So we've established its not a Super Hypo Snow, but with out either a picture or you confirming whether the geckos spotting is banded then its hard to say.
I have noticed with a lot of these "1st gen creams" most are just mack snows not even hypo snows.


----------



## MrMike (Jun 28, 2008)

sam12345 said:


> Hmm another one of them 1st gen creamsicles eh?


:whistling2:


----------



## forgottenEntity (Sep 7, 2008)

Got 2 Mack Hypos (proven) here... To say they aren't very special looking would be an understatement, lol. I think it may be incubation temps though. Here's one of them... Not a bad piccy of her. She can look much more brown "in the scales"


----------



## takeoffyourcolours (Apr 11, 2009)

This is her




















was sold to the previous owner as a 1st gen creamsicle,
now she was sold to me as a jouvie mack snow
now i'll let you decide :lol2:


----------



## takeoffyourcolours (Apr 11, 2009)

takeoffyourcolours said:


> MALE tangerine(het raptor) w/ SHCTB and Mack Snow.

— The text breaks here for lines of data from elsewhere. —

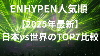 ENHYPEN ENHYPEN人気順【2025年最新】日本vs世界のTOP7比較 ENHYPENは、2020年のオーディション番組「ILAND」から誕生した、K-POPの7人組ボーイズグループです。日本や韓国だけでなく世界でも人気のあるENHYPENですが、「ENHYPENのメンバーで誰が一番人気なの?」「日本と世界で人... 2025.03.23 ENHYPEN
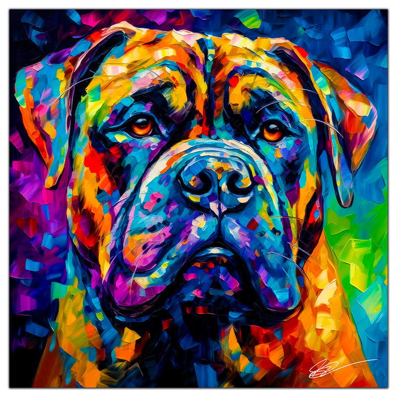 Colorful Mastiff portrait in modern art style, perfect for home decor.
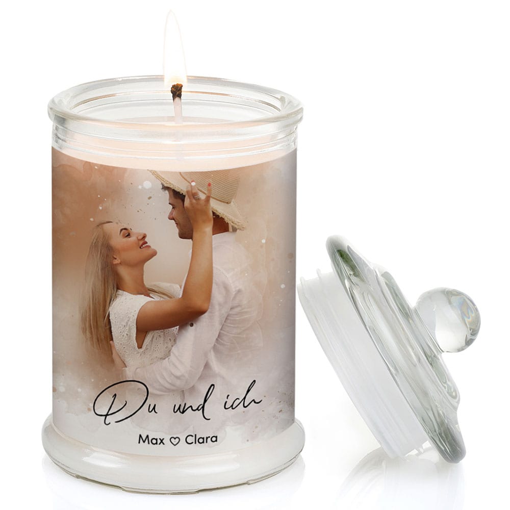 Personalisiere deine Duft-Kerze mit deinem Lieblingsbild, welches wir dir im einzigartigen Aquarell-Design auf das Kerzenglas drucken.

 Sorry, meaning a SHCTB and a MACK SNOW Lol.


----------



## forgottenEntity (Sep 7, 2008)

takeoffyourcolours said:


> was sold to the previous owner as a 1st gen creamsicle,
> now she was sold to me as a jouvie mack snow
> now i'll let you decide :lol2:


Well, going off the colouring, yes it could well be a Mack snow Hypo (or, as they call them... grr... 1st gen Creamsicle - not very creamsicle looking in gen 1 though!!)


----------



## gazz (Dec 9, 2006)

takeoffyourcolours said:


> This is her
> 
> 
> 
> ...


A mack snow NO! Hypo there at all.


----------



## takeoffyourcolours (Apr 11, 2009)

so shes a mack snow:flrt:, thanks : victory:

dunno why she said super hypo then


----------



## gazz (Dec 9, 2006)

takeoffyourcolours said:


> so shes a mack snow:flrt:, thanks : victory:
> 
> dunno why she said super hypo then


Yep just a Codom snow:2thumb:.

A creamsicle is a Super hypo snow tangerine you many herd 'Super hypo said' at some point with in the time of you buying it ?.That's why this whole 1st gen creamsicle crap is such a pain in the a$$.Personally IMO if it's not Super hypo snow tangerine done even mention the word creamsicle as it dosen't mean a thing:devil:.


----------



## takeoffyourcolours (Apr 11, 2009)

gazz said:


> Yep just a Codom snow:2thumb:.
> 
> A creamsicle is a Super hypo snow tangerine you many herd 'Super hypo said' at some point with in the time of you buying it ?.That's why this whole 1st gen creamsicle crap is such a pain in the a$$.Personally IMO if it's not Super hypo snow tangerine done even mention the word creamsicle as it dosen't mean a thing:devil:.


 
the lady said that the mack snow has 'super hypo' in her, 
but i didnt see it at first? she just looked like a mack, i mean, it doesnt matter what she is, shes still a beaut ! :flrt:


----------



## takeoffyourcolours (Apr 11, 2009)

update on morphs wanted:
male normal + mack snow
super hypo + mack snow
super hypo + super hypo baldy carrot tail
tremper albino + super hypo carrot tail baldy
normal + high yellow
thanks =)


----------